That’s why, when I read this week’s FTSF prompt, I froze in my tracks, unsure if I would write anything at all, have anything to link up with.
I looked up the meaning, refreshed my memory, but still drew a blank. Kryptonite meaning, basically, weakness and still I was coming up with nothing.
Come on, I nudged myself over the last few days. You’ve got to have a weakness. What is it? What would be the main one?
I am working on writing my memoir. It seemed like a perfect moment in time to start again, as I think back on the twenty years, exactly, that I was diagnosed with kidney disease as a frightened twelve-year-old.
Since that point I have been called brave and inspirational many many times. How did I do it? How was it that I managed to survive feeling so sick, dialysis, and surgery to have a transplanted kidney from my father?
I am not as strong as all those well-meaning family, friends, medical professionals, and acquaintances assumed. I don’t want what happened twenty years ago, what was only really a few years out of my whole life, to define me forever. I try to get past it, really, but I keep going back to it and writing my story down is a big part of that.
Sometimes I wonder if that’s even a good idea. Maybe I should just move on and look ahead. That’s what I am doing, but then I turn my head round and admit to myself that what happened during those rough months, all those years ago now, that stuff left its mark on me and I can’t honestly say I don’t look back in reflection.
My kryptonite is the past. It’s the affect a physical illness had on my body, my mind, the girl I was trying to grow into.
It influences my body image even now, as a grown woman.

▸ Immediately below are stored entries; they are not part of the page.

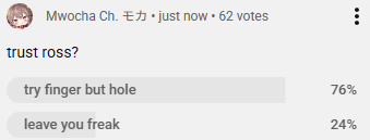 >>106294073my bad...>>106294012she will be back soon, trust>setting up for the SMP opening>gotta make sure the internet doesnt die
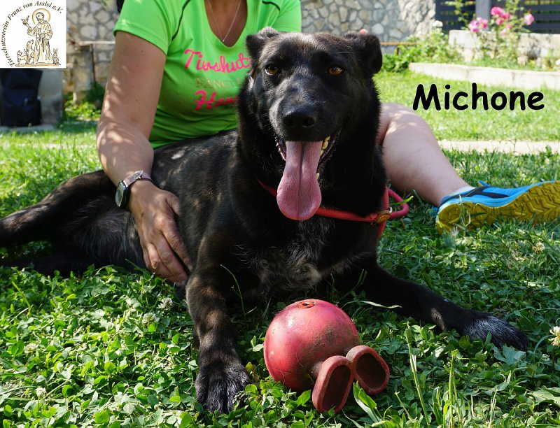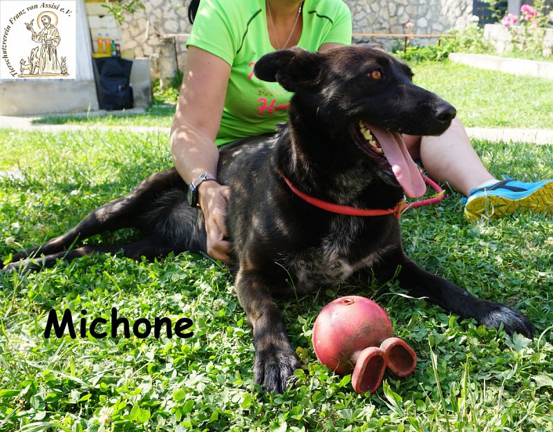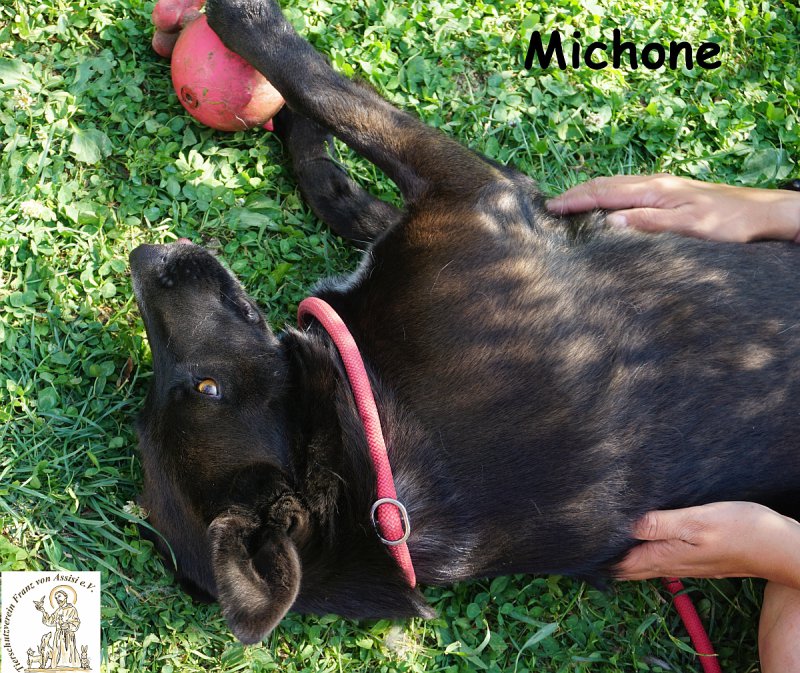 Michone ist eine junge, mittelgroße Hündin voller Energie, die das Leben einfach liebt. Wer sie einmal erlebt hat, kann sich ihrer Lebenslust kaum entziehen- sie strahlt, sie sprüht, sie steckt an! Ihr allergrößter Schatz, ohne den sie niemals ihre Reise nach Deutschland antreten würde, ist ihr kleiner rosa Ball. Dieses Spielzeug ist ihr Herzstück, ihr treuer Begleiter und das Highlight ihres Alltags. Michone bringt ihn mit voller Begeisterung zurück, immer und immer wieder – so zuverlässig und freudig, dass man ihr stundenlang zusehen könnte. Spielen ist für sie nicht einfach ein Zeitvertreib, es ist ihr größtes Glück.
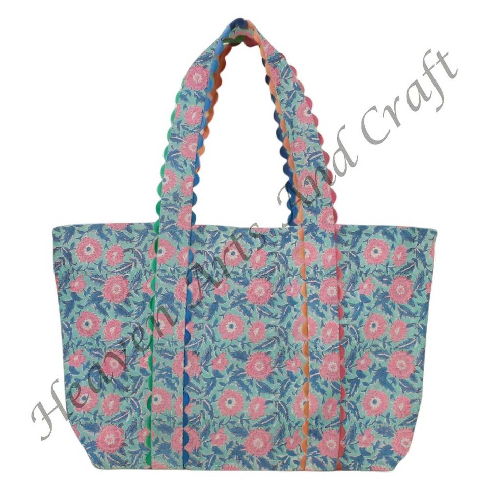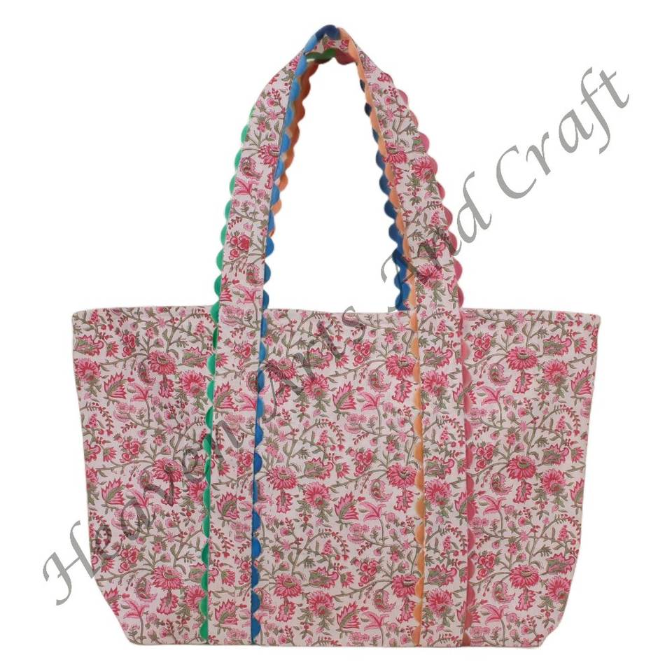 ประเภท รูปแบบ:กระเป๋าโท้ทลายบล็อกพร้อมขอบริบบิ้น
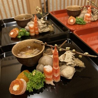 宝町駅からすぐのこちらのお店。私は有楽町駅から銀座の街中を15分ほど歩いて到着。 看板がないので一瞬わからないのですが、地図通りいくとたどり着けます! ーいただいたものー ○先附 ○季節の八寸(5~6品) ○お椀 〇旬の逸品① ○煮物 ○旬の逸品② ○焼物 ○ご飯物 ○甘味 ○飲み物ゆずジュース 席数は多くなく、落ち着いた店内なので心穏やかに静かに食事を楽しめます。お店の雰囲気は日本料理やさんらしい「和」の落ち着きのある創りで、会食につかわれたりするのが多そうな感じです。 季節ものを沢山のせた八寸料理は、秋らしい飾り付けで美しいです♡ 苦手食材を記入するのを忘れ、苦手な牡蠣と白子が出てきてしまいましたが、こちらの牡蠣と白子は臭みがなく味付けも美味しかったので食べられました!好物のカニが綺麗に盛り付けられていてこちらはなんだか食べるのもったいない気持ちに...続きを食べログで見る
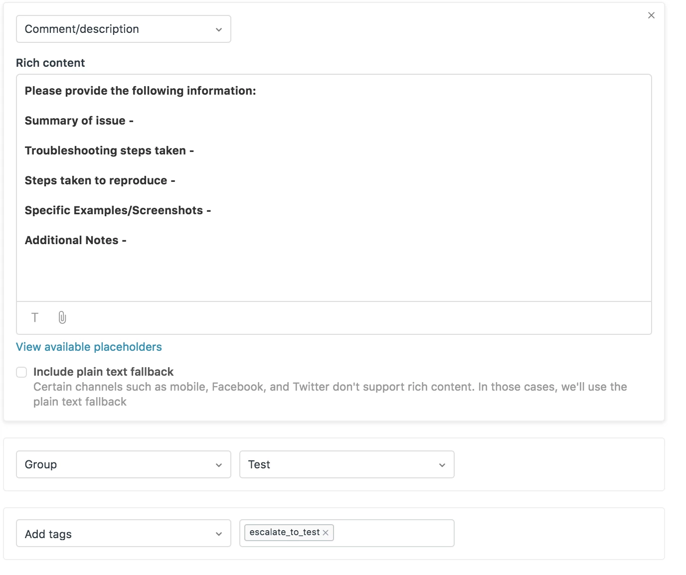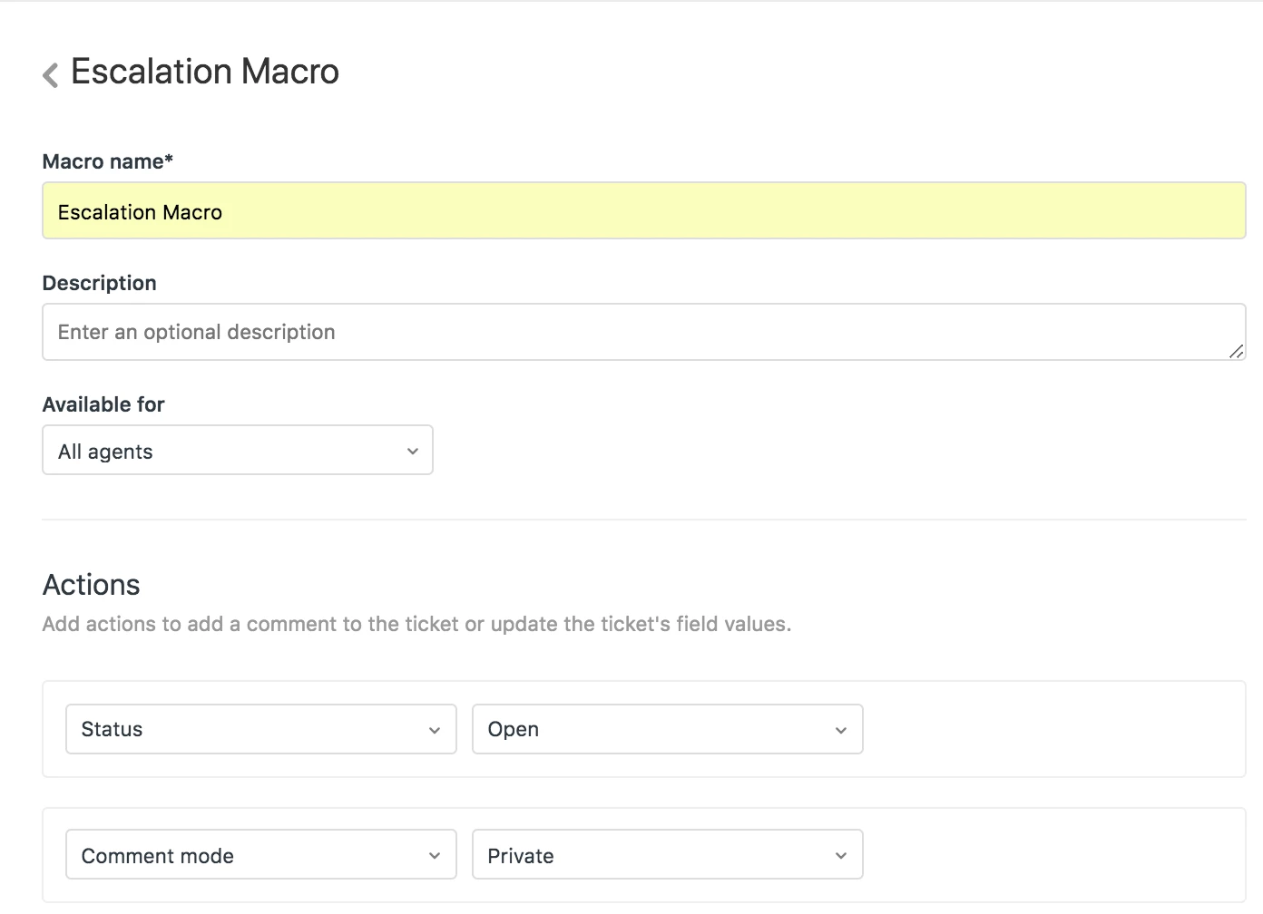 Apply macro - agent applies macro to ticket when escalation is necessary, filling out the appropriate information and submitting as open. Macro serves as a friendly reminder of the information needed to escalate.
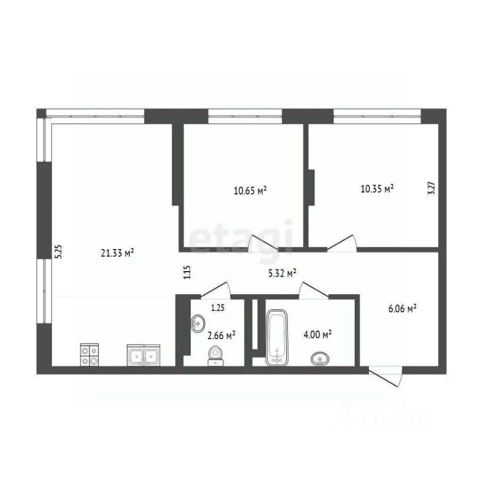 Общая площадь 58.4 кв.м. Кухня-гостиная 21кв.м. с окном и витражной угловым окном в пол, 2 комнаты по 11 кв.м. Все комнаты правильной квадратной формы, а значит удобно можно расставить мебель.

When I was treated I was clearly under-weight and malnourished. I was lacking proper vitamins and minerals, things the kidneys are supposed to take care of.
I stayed stable on dialysis and I had the transplant. This got me back to a healthy state, but I went from being barely eighty pounds, maybe less, at age twelve. My puberty was hugely disrupted. I was not growing.
Once I had a working kidney, one being all you technically require, I began to gain weight. I gained weight as a side effect of more than one of the medications I had to go on.
I remember standing on our bathroom scale, realizing I was ninety-two pounds, and starting to panic. I wasn’t relieved I was gaining. I was horrified.
I was weighed every time I went on and off the dialysis machines. This was necessary, to monitor my fluid loss and gain, but it played havoc with my head. I was shown to focus on weight, at a time I shouldn’t have had to, when only months before I was pushed to put on the pounds.
Now, the weight was coming on abnormally quickly and I was visited by dieticians who went over the list of foods to stay away from if I didn’t want to gain even more weight.
So now I like my chocolate but I also like my fruit.
At Easter I love chocolate eggs, but come summer I go nuts eating strawberries, peas straight from the pod, peaches, and apples for weeks and weeks on end. They are really all I want to eat.
All in moderation. Diets don’t work. Or avoid some foods entirely?
I can list all the excuses in the book as to why exercise and weight loss hasn’t been easy for me, but I know I am not alone. I must keep plugging away at it, remaining mindful of it. I don’t want to make excuses, to use chronic pain or my blindness as reasons why I am now gradually gaining weight over time. I only get my kidney checked twice a year, but they still take my weight at the start of these appointments, and I am forced to look back and try to recall what the scale read six months before, to keep track, somewhat, of where I’m at. So although I don’t keep checking my weight on my bathroom scale every morning, I’m made to be accountable, every time November/April rolls around.
Yes, the meds have decreased, things are more moderate now, but the damage is done – floodgates have been wide open for twenty years. I deal with something so many people deal with, I know. Emotions also play a part and my psychological state becomes a factor.
Can I keep things under control? Can I not let the events of my past rule my present or influence the future?
My kryptonite are the stretch marks I’ve had (not from a pregnancy, like most women my age), but since I was on high doses of prednisone, when I was fourteen years old. I can feel the clear visible evidence of how it all began and I feel weak because I can’t keep things in balance as much of the time as I’d like, but that’s why I write about it all. I hope that part doesn’t make me weak. I don’t feel all that brave or inspirational and I don’t want the weaknesses I live with to bring me down. They do serve as reminders of the scars of my past and the toughness, as they’ve driven these bits of my past in deep.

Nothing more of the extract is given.